# First blood- 2014



## jerry russell (Feb 6, 2014)

Black Widow bow. 53#@28'' Chundoo shaft and a badger broadhead. Slightly quartering shot. 

Thinking about a euro mount and a rug or maybe a back quiver with the hide.


----------



## Barry Duggan (Feb 6, 2014)

I'm thinking shoulder mount, in a sneak position.


----------



## jerry russell (Feb 6, 2014)

If you know the story on this hunt (some of you were there) this big guy gave a whole new meaning to the term tree rat.


----------



## robert carter (Feb 6, 2014)

If your gonna hunt them with a bow much I would recommend a 45 as back-up.I have a 1911 for such.RC


----------



## jerry russell (Feb 6, 2014)

robert carter said:


> If your gonna hunt them with a bow much I would recommend a 45 as back-up.I have a 1911 for such.RC



Most said that like the Cape Buffalo of Africa or "Black Death" that one of these bad boys could not be brought down with the bow. This is proof that a well placed arrow out of a well tuned bow can get it done. It is not, however, work for those that lack courage.


----------



## Jim Thompson (Feb 6, 2014)

I think I've said it before...sweet beast!


----------



## Bucky T (Feb 6, 2014)

Heck of a shot!


----------



## humdandy (Feb 6, 2014)

He'd been a good one next year.


----------



## dpoole (Feb 6, 2014)

How did he eat?

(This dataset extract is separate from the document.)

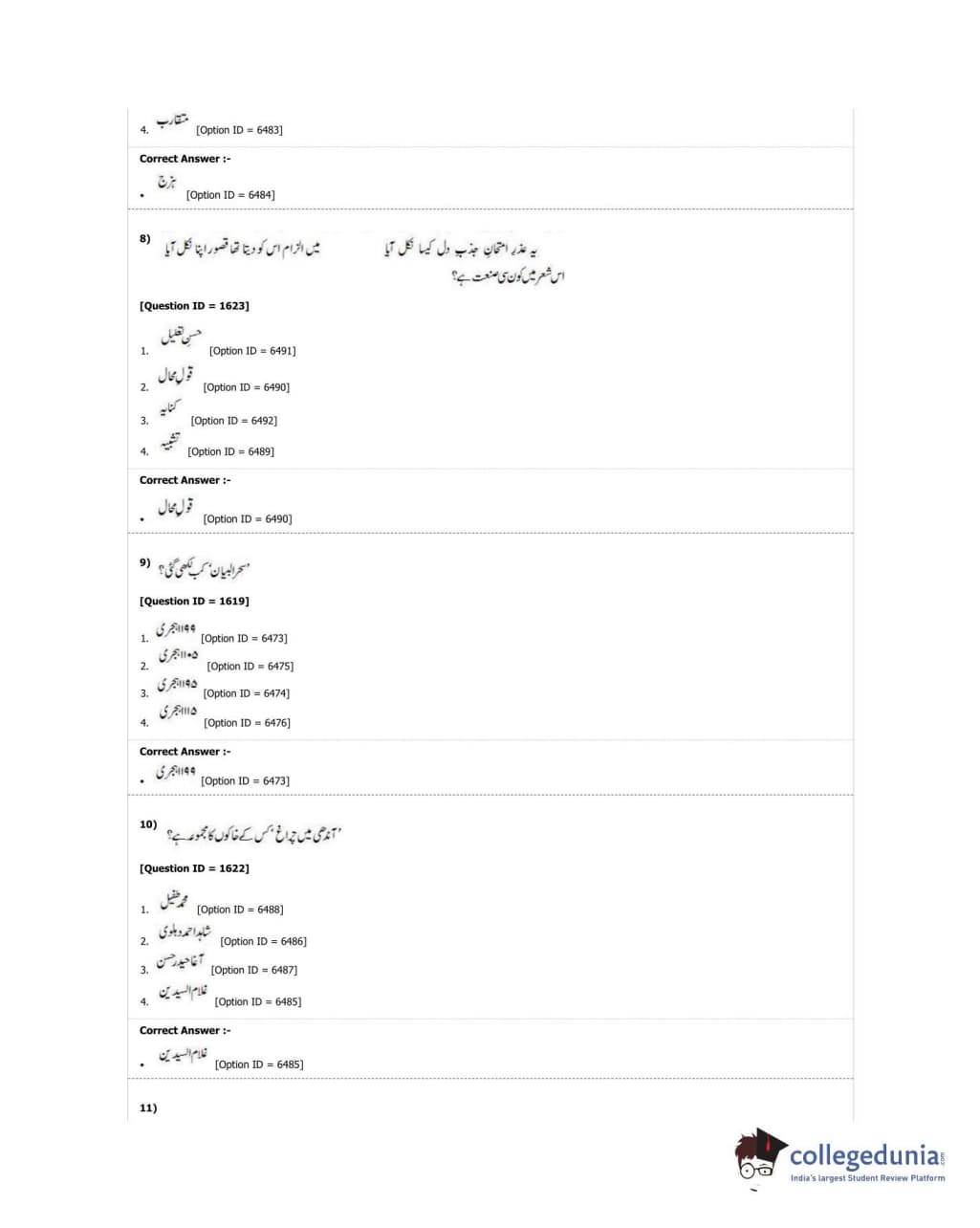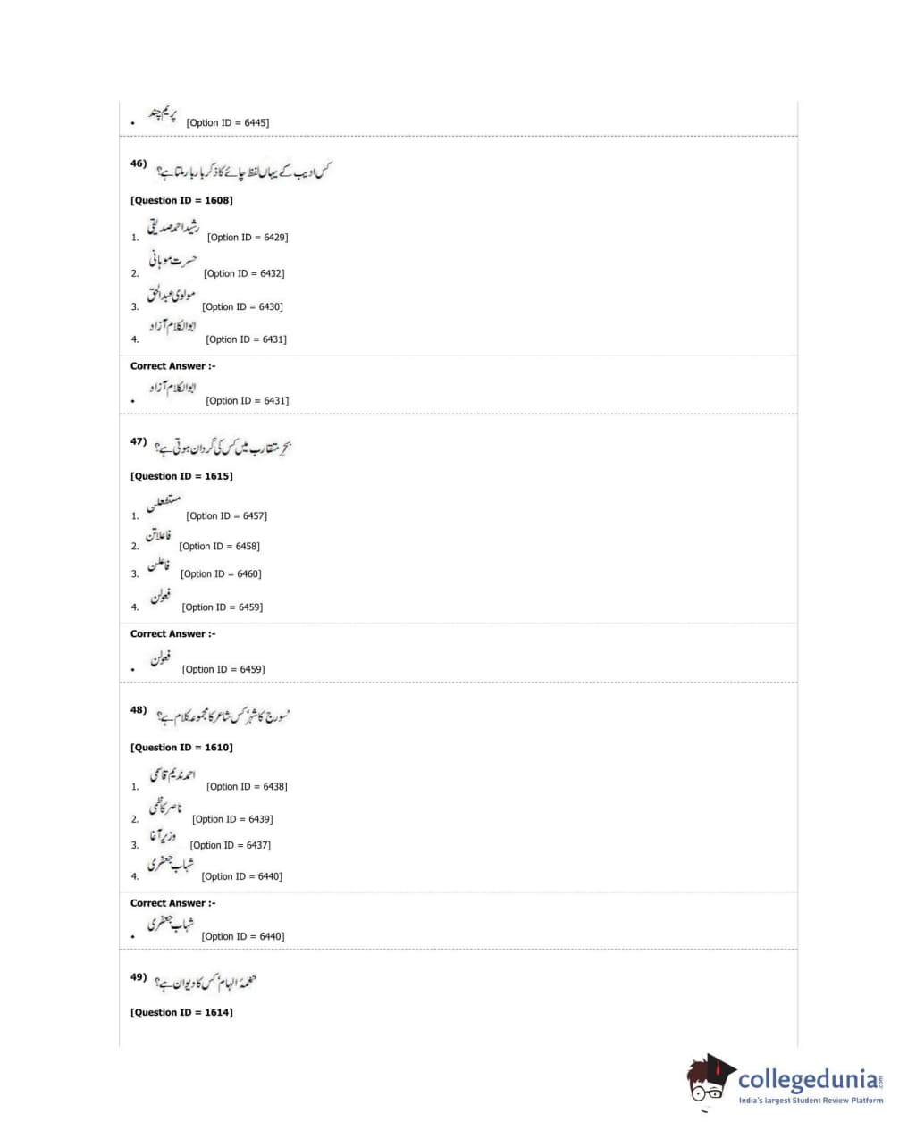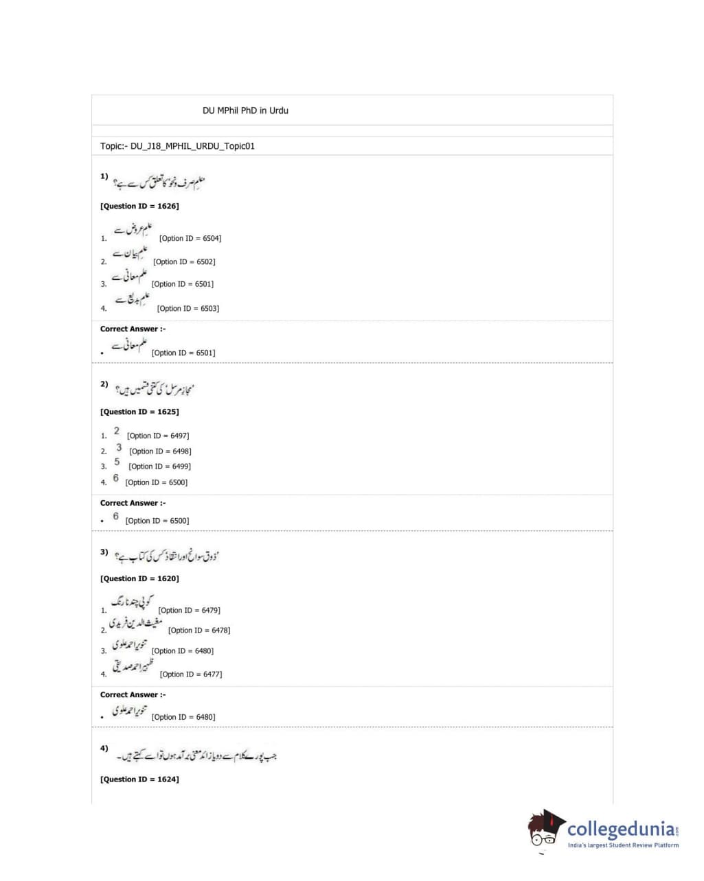 DUET 2018 M.Phil./Ph.D. in Urdu Question paper with answer key pdf conducted on June 21, 2018 in Shift 1 is available for download. The exam was successfully organized by University of Delhi. The question paper comprised a total of 50 questions.

If you kill it you need to eat it


----------



## jerry russell (Feb 6, 2014)

dpoole said:


> How did he eat? If you kill it you need to eat it



There was nearly a fight at the skinning pole when some folks in the hunt party insisted on trying to take the back straps.  I finally got everyone to calm down when I told them that only the 4-5 guys that helped to drag it out of the woods and up on to the trailer would get to share the choice cuts.


----------



## whossbows (Feb 6, 2014)

Nice job Jerry


----------



## SELFBOW (Feb 6, 2014)

Did you get a pass thru? I hear they are tough on arras...


----------



## Skunkhound (Feb 6, 2014)

That would make a pretty cool bow tip protector.


----------



## sawtooth (Feb 6, 2014)

those badgers must be some tough heads to make it through that shield.


----------



## jerry russell (Feb 6, 2014)

buckbacks said:


> Did you get a pass thru? I hear they are tough on arras...

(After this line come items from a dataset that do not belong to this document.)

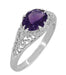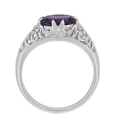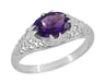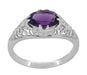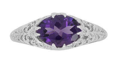 Edwardian Oval Amethyst Filigree Ring in White Gold - East to West Horizontal Design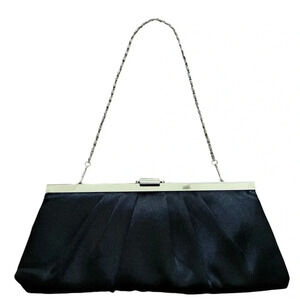 Jessica McClintock Black Satin Fabric Evening Clutch Handbag Purse Chain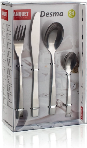 Elegáns, 24 darabos DESMA evőeszközkészlet mindennapi terítéshez és ünnepi alkalmakhoz. A kiváló minőségű rozsdamentes acél magasfényű felületkezeléssel hosszú élettartamot és könnyű tisztítást biztosít. A készlet mindent tartalmaz hat személy számára: kanalak, villák, kések és teáskanalak átgondolt anyagvastagsággal a kényelmes használathoz.
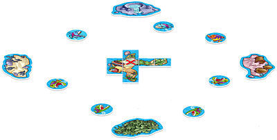 On place au centre de la table l'île de départ, les 4 autres îles sont positionnées aux 4 points cardinaux autour de l'île de départ à environ 45cm. Dans la surface de jeu ainsi créée on place les 7 pions piranhas qui représentent autant d'obstacles.

No pass through. He was quartering and I hit the off shoulder. He turned, snarling and bit the arrow and stormed off towards the swamp. I have tracked a tons of bears at night but I have to admit, this was more intense. I felt like he was just waiting on me down there.

Not sure I will ever shoot another. Being this close to the edge just took a lot out of me.


----------



## charlie 2 arrow (Feb 6, 2014)

Hickory dickory dock, Jerry cleaned his clock!


----------



## tee p (Feb 7, 2014)

nice one!!! did you have to use the tracking dog?


----------



## jerry russell (Feb 7, 2014)

tee p said:


> nice one!!! did you have to use the tracking dog?

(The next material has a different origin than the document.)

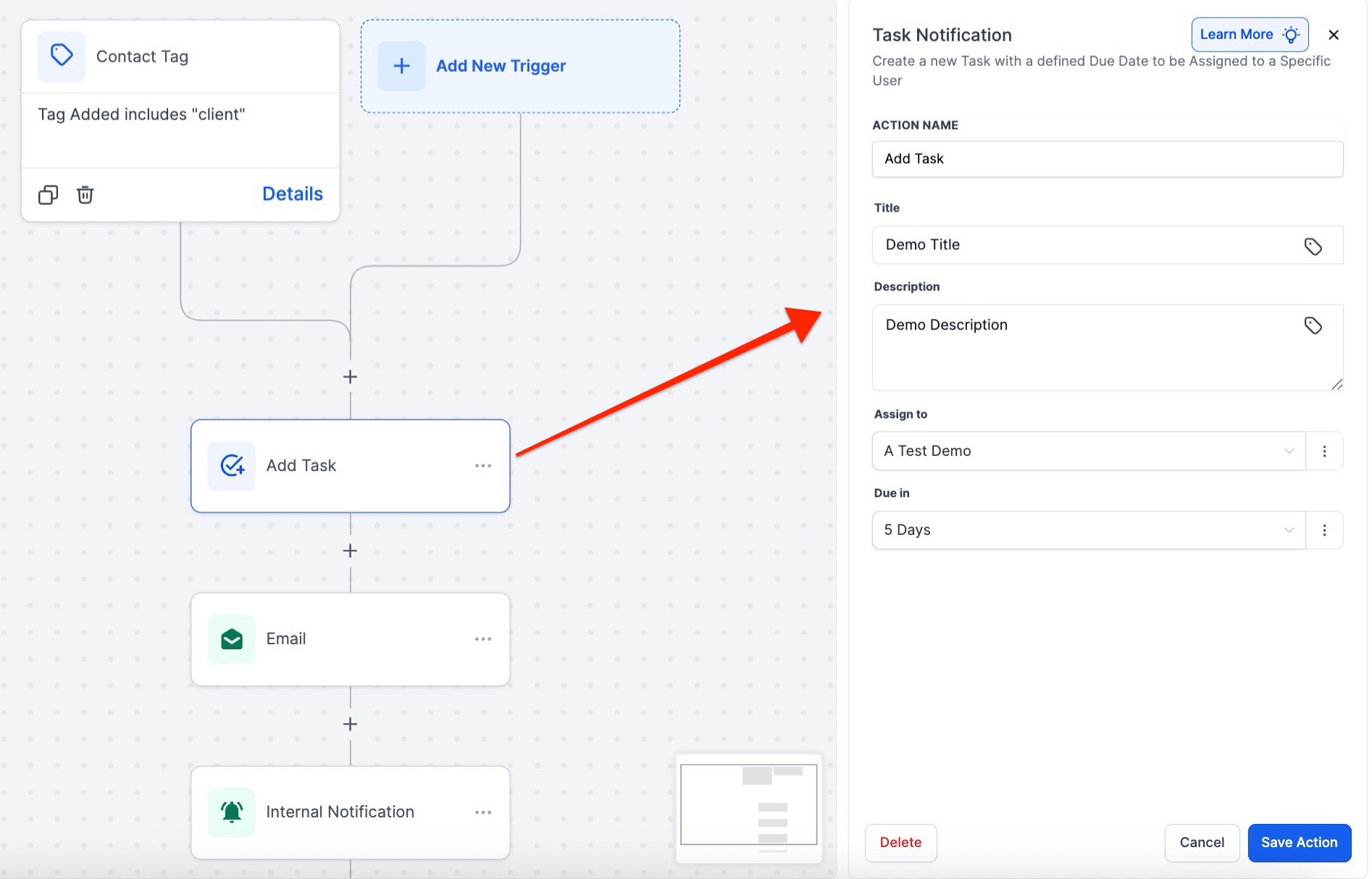 Adding a task to contact an assigned user can be automated. For example, you could add the tag “ultimate task” to a contact, which would cause the system to automatically add this task to the assigned user’s contact page and notify both of them. In this article, we will review the Add Task action and how to use it.

No. My pup is still young and I did not want to spook him.


----------



## gtfisherman (Feb 7, 2014)

Not many people have killed a pope and young mouse.


----------



## 2wheelfoster (Feb 7, 2014)

That thing was a BEAST! I am glad I had Jerry's back on this one!


----------



## jerry russell (Feb 7, 2014)

2wheelfoster said:


> That thing was a BEAST! I am glad I had Jerry's back on this one!



That's right, when everyone else turned tail, you stood shoulder to shoulder with me. My hat cam captured the beast just as he came for us. I still shiver a bit thinking just how close we came to buying the farm on this one.
Remind me to give you a couple of pounds of sausage from the beast when I get it back from the processor.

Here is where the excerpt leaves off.